La presidenta de la Comisión Europea, Ursula von der Leyen. / KENZO TRIBOUILLARD (AFP)

La extrema derecha, la derecha extrema y una camarilla de militares retirados acampan en un bosque oscuro y se entregan con anacrónica exaltación a las psicofonías franquistas. ¡Anda, esa voz!

El rey emérito se abandona a la codicia, el amaño y la arrogancia, y ahora le echa un pulso a su sucesor amagando con regresar cuando él decida del refugio árabe al que nunca debió partir. Felipe VI permanece mudo. La monarquía le birla el trabajo a los republicanos. Para hundirse en el lodo se basta ella sola, no parece necesitar adversarios.

La fricción en las junturas de la coalición del Gobierno levantan chispas, pero no se aprecia de momento riesgo de incendio. Las encuestas laminan a Podemos y este ve en la brega antimonárquica, tan incómoda para el PSOE, un revulsivo de ocasión.

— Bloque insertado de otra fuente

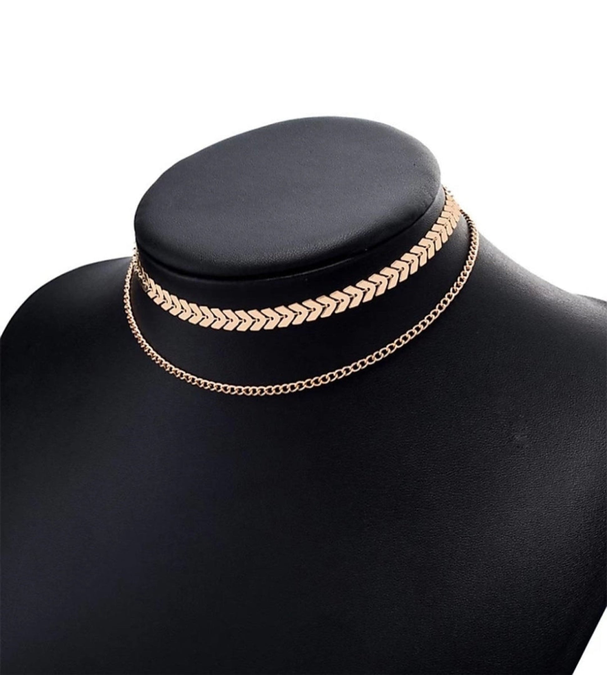 Striking yet sophisticated, this gold double-layer choker necklace features two finely crafted chains that gracefully accentuate the neckline. The warm glow of polished gold adds a touch of luxury, making it the perfect piece for layering or wearing solo for an effortlessly chic statement.

Los independentistas catalanes se baten en duelo fraticida a lo largo de la vereda que lleva a las urnas. En ese combate insomne solo hay un factor de convergencia: los presos. Vuelve a resonar el grito de amnistía. Es un grito vacío: hasta quienes lo promueven admiten en privado que no tiene más virtualidad que la estimulación electoral. Posee, sí, gran fuerza emocional y simbólica. Conecta por vía umbilical con el imaginario antifranquista. Es la romantización de un momento épico vivido, imaginado o solamente impostado.

Inviabilidad

Ese grito puede aglutinar muchos votos el 14-F. Y nada más. No habrá amnistía. Los independentistas presos saldrán de las cárceles indultados o liberados tras una reforma favorable del Código Penal o, si esas dos vías no prosperasen, con beneficios penitenciarios. Pero no amnistiados. Hoy, una amnistía es jurídica y políticamente inviable, lo cual es bien sabido por sus promotores.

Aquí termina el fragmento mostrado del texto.